(Beginning of Recorded information)

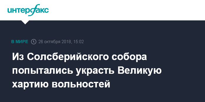 Москва. 26 октября. INTERFAX.RU - Из всемирно известного собора в британском городе Солсбери попытались украсть хранившийся там экземпляр подписанной в XIII веке Великой хартии вольностей, сообщает в пятницу Sky News.
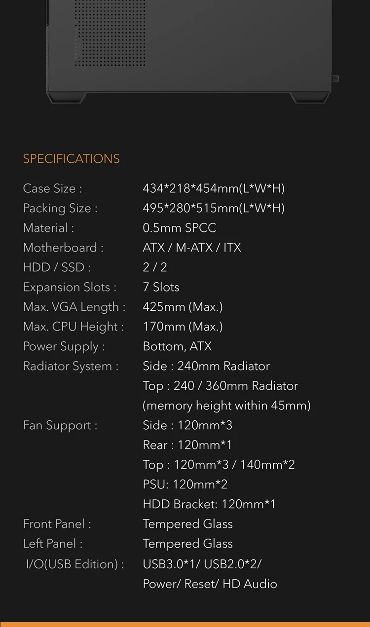 (3)Supports up to 120mm*10/140mm*2 fan sand 360mm radiator
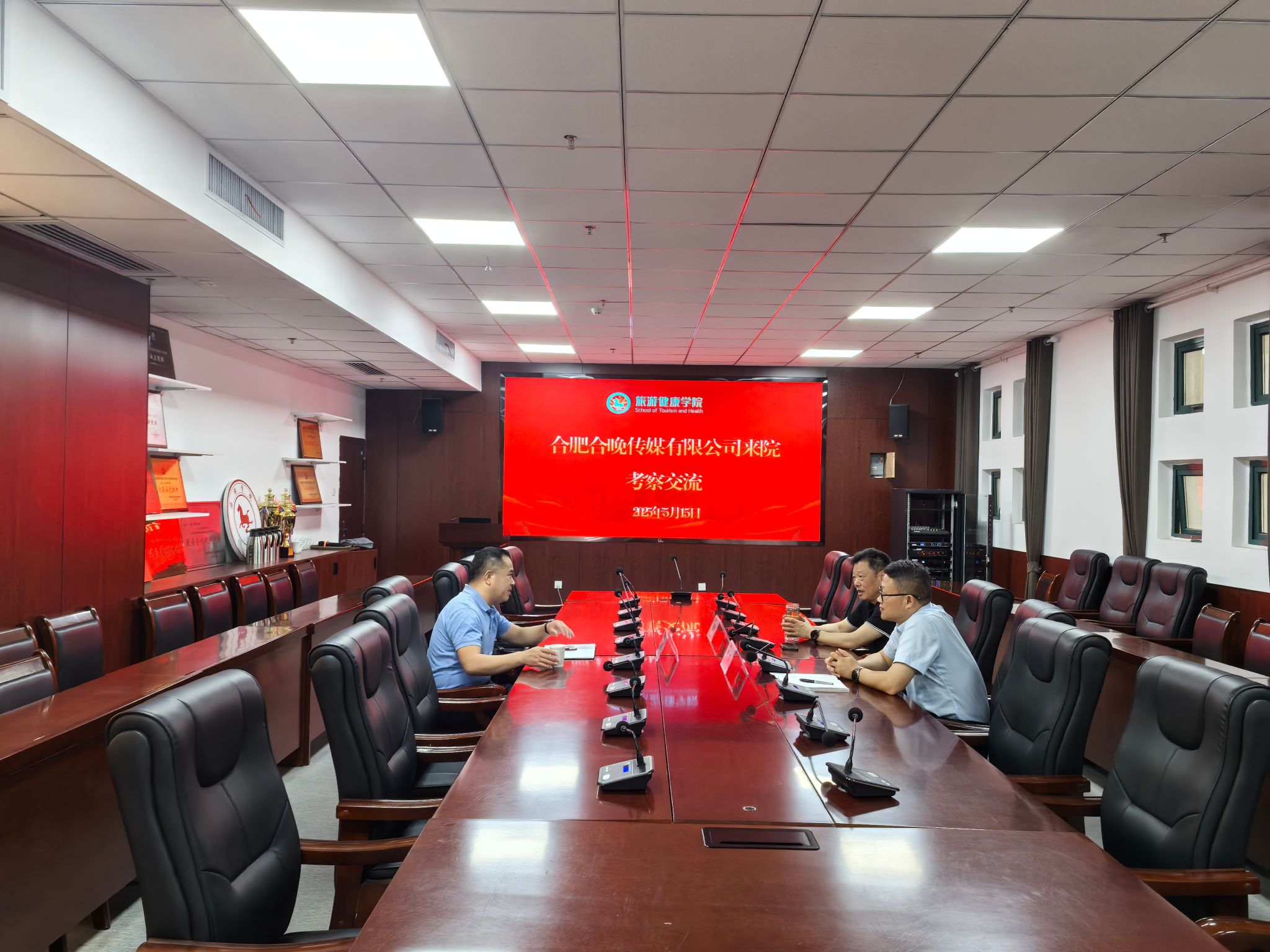 为深化校企合作,推动产教融合,助力毕业生高质量就业,5月15日,合肥合晚传媒有限公司文教事业部教育运营一部主任沈正田来旅游健康学院考察交流。学院院长傅绪明、党总支书记杨锐热情接待并陪同参观座谈,双方围绕人才培养、实习就业、校企协同育人等议题展开深入探讨。

(End of Recorded information)

Your goal: Would you please write out exactly the lines between the line containing "(3)Supports up to" and the last line of the listing above, inclusive, without pictures?

Exercise solution:
 (3)Supports up to 120mm*10/140mm*2 fan sand 360mm radiator
 为深化校企合作,推动产教融合,助力毕业生高质量就业,5月15日,合肥合晚传媒有限公司文教事业部教育运营一部主任沈正田来旅游健康学院考察交流。学院院长傅绪明、党总支书记杨锐热情接待并陪同参观座谈,双方围绕人才培养、实习就业、校企协同育人等议题展开深入探讨。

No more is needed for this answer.